De leur côté, les salariés n’ont toujours pas été reçus par le gouvernement. « On est les seuls à qui on explique rien », s’énerve Nadir Hadjali, secrétaire adjoint du syndicat CGT de la centrale de Gardanne. Alors que les élus était à Paris vendredi, ils ont occupé la chambre de commerce de Marseille pour se faire entendre. Ils réclament une réunion tripartite avec l’entreprise et l’Etat, ainsi qu’un moratoire pour trouver une solution alternative permettant de sauver leur outil de travail. Les salariés ont mandaté le bureau d’études Berim pour plancher sur le dossier. Ce dernier a notamment travailler sur la fermeture de la centrale à Charbon de Montceau-les-Mines en 2014 même si son projet n’a pas été retenu. « On a plein d’idées notamment sur la captation ou du stockage de CO2 pour rendre l’usine plus propre », avance Nadir Hadjali. De son côté, Uniper a également lancé un appel à initiative pour trouver une solution industrielle. La direction doit présenter les projets retenus dans trois mois aux salariés.

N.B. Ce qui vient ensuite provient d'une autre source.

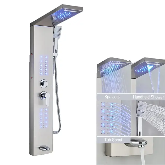 • Moderný dizajn: Pozdvihnite estetiku svojej kúpeľne s elegantným, moderným sprchovým panelom, ktorý obsahuje štýlové LED osvetlenie, ktoré pridáva luxusný nádych.
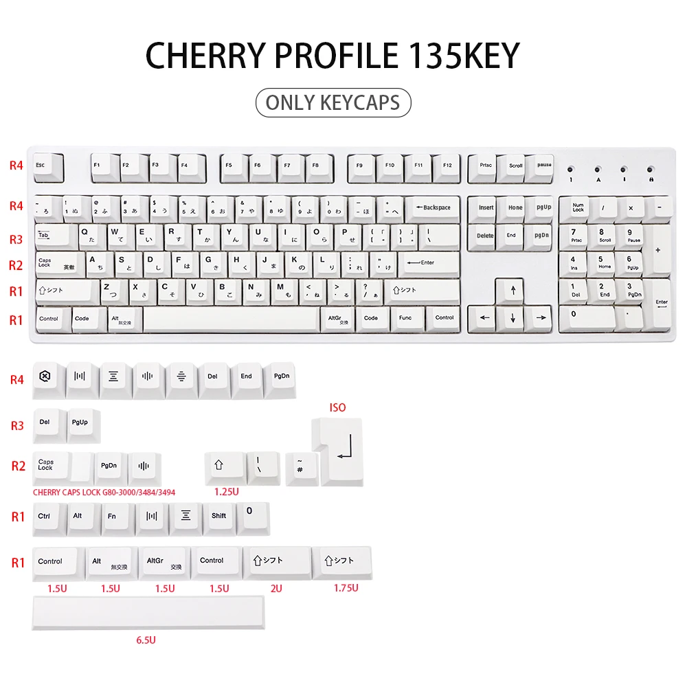 135 клавиши, минималистские белые клавиши PBT, колпачки для клавиш с сублимационной печатью в виде вишневого профиля для механической клавиатуры GK61 K70 G710, клавиши с раскладкой iso

Charbon lyophilisé, hydrogène : les solutions alternatives
A la mairie de Gardanne aussi, on réfléchit aux alternatives pour transformer la centrale. Roger Meï milite pour l’utilisation du charbon lyophilisé « qui serait plus propre car débarrassé de toutes ses impuretés », explique le maire. Une piste jugée «intéressante » par Martine Vassal. Le maire de Meyreuil, Jean-Pascal Gournes, évoque également la piste de l’hydrogène soutenue également par Sophie Joissains. « Avec les 25 hectares de terrain du site et le gazoduc qui va jusqu’en Italie, la centrale est tout à fait adaptée pour le développement de la filière hydrogène », estime-t-elle. La fille du maire d’Aix-en-Provence réclame un soutien financier fort de l’État pour mettre en branle cette reconversion : « Lorsque les mines ont fermé, il y a eu un fonds d’accompagnement de 38 millions d’euros étalés sur 7 ans », rappelle la sénatrice. A l’origine de la mise en place du CTE avec le gouvernement, le député François-Michel Lambert affirme être en contact avec cinq investisseurs intéressés pour reprendre la centrale et le site « dans le domaine de l’énergie mais pas seulement », ajoute-t-il sans vouloir dévoiler leur identité. En tous cas, il ne veut plus d’Uniper sur le site : « Il faut les sanctionner plus fort car ils ne respectent pas la réglementation. En plus, avec leur projet de biomasse inefficace, ce sont 70 millions d’argent public chaque année qui partent en fumée », dénonce l’élu. La nouvelle unité biomasse, critiquée par les écologistes, est toujours en phase de rodage à Gardanne et ne semble pas suffisante pour assurer l’avenir des 174 salariés du site. Pour l’heure, elle n’est parvenue à produire que 500 mégawatts heure, un chiffre encore loin des 7 500 Mwh annoncés par Uniper.